Oppositional defiant disorder (ODD) is defined by the DSM-5 as a pattern of angry/irritable mood, argumentative/defiant behavior, or vindictiveness lasting at least 6 months, and exhibited during interaction with at least one individual whom is not a sibling. Individuals must display at least four symptoms defined under any of the three categories outlined as angry/irritable mood, argumentative/defiant behavior, or vindictiveness. Unlike children with conduct disorder (CD), children with oppositional defiant disorder are not aggressive towards people or animals, do not destroy property, and do not show a pattern of theft or deceit.[1] A diagnosis of ODD cannot be given if the child presents with conduct disorder.[2] ODD is not restricted to childhood and may extend into adulthood as evidenced by behaviors such as unpopular dissent, non-aggressive resistance, deliberate disobedience to authority, abstaining from widely accepted norms, or refusal to comply with any request in a particular setting.

Signs and symptoms[edit]

Previously, DSM-IV-TR (that is now replaced by DSM-5) stated that the child must exhibit four out of the eight signs and symptoms listed below in order to meet the diagnostic threshold for oppositional defiant disorder.[3] Furthermore, they must be perpetuated for longer than six months and must be considered beyond normal child behavior to fit the diagnosis.[4][5]
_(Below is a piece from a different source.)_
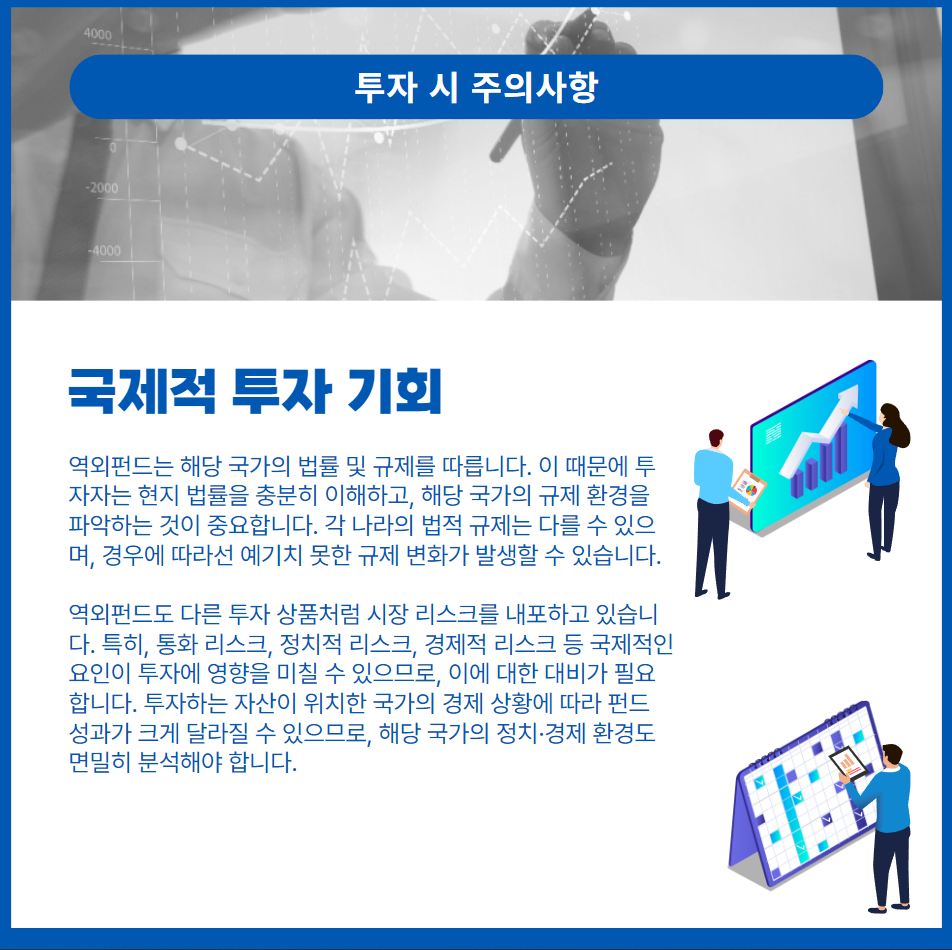 역외펀드도 다른 투자 상품처럼 시장 리스크를 내포하고 있습니다. 특히, 통화 리스크, 정치적 리스크, 경제적 리스크 등 국제적인 요인이 투자에 영향을 미칠 수 있으므로, 이에 대한 대비가 필요합니다. 투자하는 자산이 위치한 국가의 경제 상황에 따라 펀드 성과가 크게 달라질 수 있으므로, 해당 국가의 정치·경제 환경도 면밀히 분석해야 합니다.

  • Actively refuses to comply with majority's requests or consensus-supported rules.[6]
  • Performs actions deliberately to annoy others.[6]
  • Angry and resentful of others.[5]
  • Argues often.[5]
  • Blames others for their own mistakes.[7]
  • Frequently loses temper.[7]
  • Spiteful or seeks revenge.[7]
  • Touchy or easily annoyed.[7]

These patterns of behavior result in impairment at school and/or other social venues.[5]

Common features of oppositional defiant disorder (ODD) include excessive, often persistent anger, frequent temper tantrums or angry outbursts, as well as disrespect of authority. Children and adolescents with ODD often purposely annoy others, blame others for their own mistakes, and are easily disrupted. Parents often observe more rigid and irritable behaviors than in siblings.[8] In addition, these young people may appear resentful of others, and when someone does something they don't like they prefer revenge over more sensitive solutions.[9]

For a child or adolescent to qualify for a diagnosis of ODD, these behaviors must cause considerable distress for the family or interfere significantly with academic or social functioning. Interference might take the form of preventing the child or adolescent from learning at school or making friends, or placing him or her in harmful situations. These behaviors must also persist for at least six months. Effects of ODD can be greatly amplified by other disorders in comorbidity such as ADHD.[10] Other common comorbid disorders include depression and substance use disorders.[11]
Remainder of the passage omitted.